Victorian touring cyclists from Britain often complained about the rough granite setts used in Belgium, setts now famous as the pavé to be found on about 50kms of today’s Paris-Roubaix road race. 19th Century cyclists preferred macadam surfaces (small stones bound with dust) or, for speed, wooden planking, which was found in the posher urban areas. The picture above comes from a pamphlet issued in 1900 by the Roads Improvement Association and showed the proper dimension of stone to be used in macadam roads, and decries the large, sharp stones sometimes found embedded in the macadam.
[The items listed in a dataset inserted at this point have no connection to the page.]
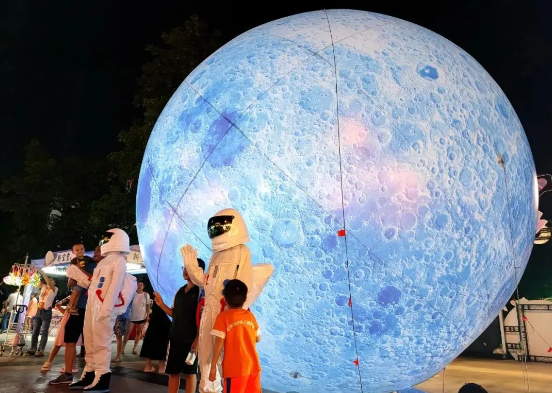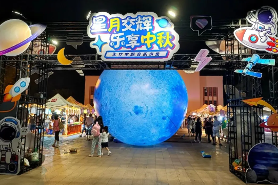 9月14日至17日,新会区在新会人民会堂举办“星月交辉,乐享中秋”——太空主题音乐市集。市民游客在享受美食盛宴的同时,在精心布置的月球氛围装饰下尽情拍照“打卡”,在月光下与“宇航员”小分队展开趣味横生的游戏互动,欣赏月球主题音乐会,感受从“赏”月到“登”月的别样体验,让中秋佳节成为一次从视觉到心灵的全方位探索与享受。
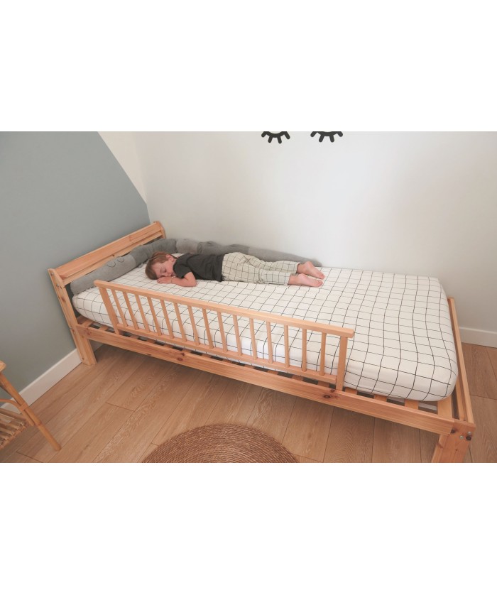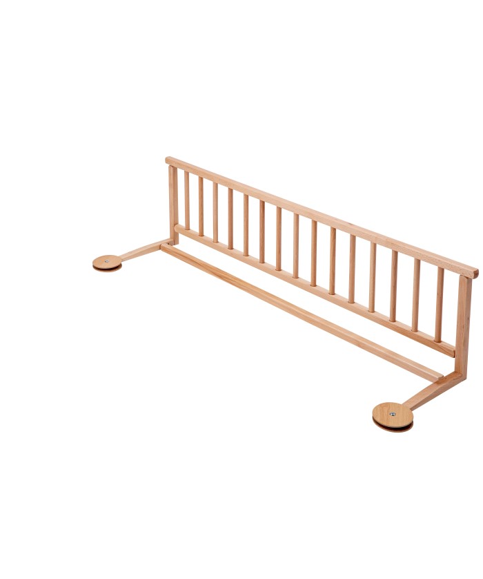 Barrière de lit en hêtre massif. Dimensions Longueur 127 cm, hauteur totale 35 cm.
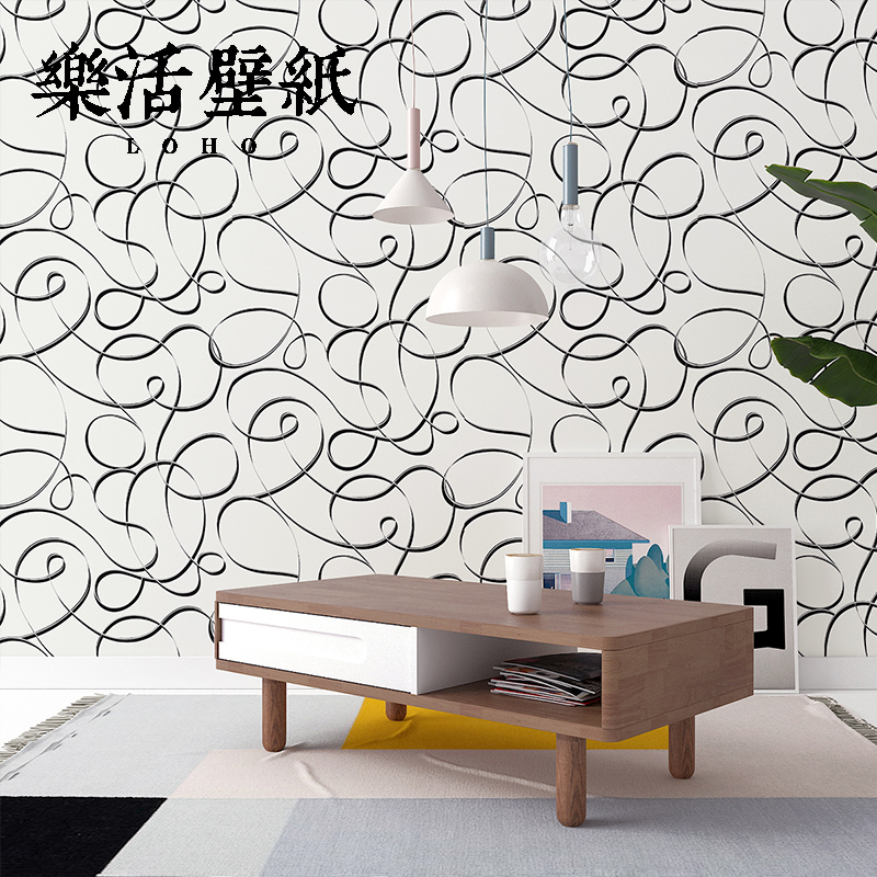 Nordic ins black and white grey Abstract curve wavy wall paper modern minimalist living-room TV background wall wallpaper

The Roads Improvement Association had been created in 1885 by the Cyclists’ Touring Club and the forerunner to British Cycling. By 1900 it had been joined by motoring interests (the cycling organisations would be later pushed out of the way) and the pamphlet, which was aimed at influencing county surveyors, remarked that granite setts, now a very expensive road treatment and used to demarcate low-speed or historic zones, was at the time one of the cheapest and least desirable ways of surfacing roads.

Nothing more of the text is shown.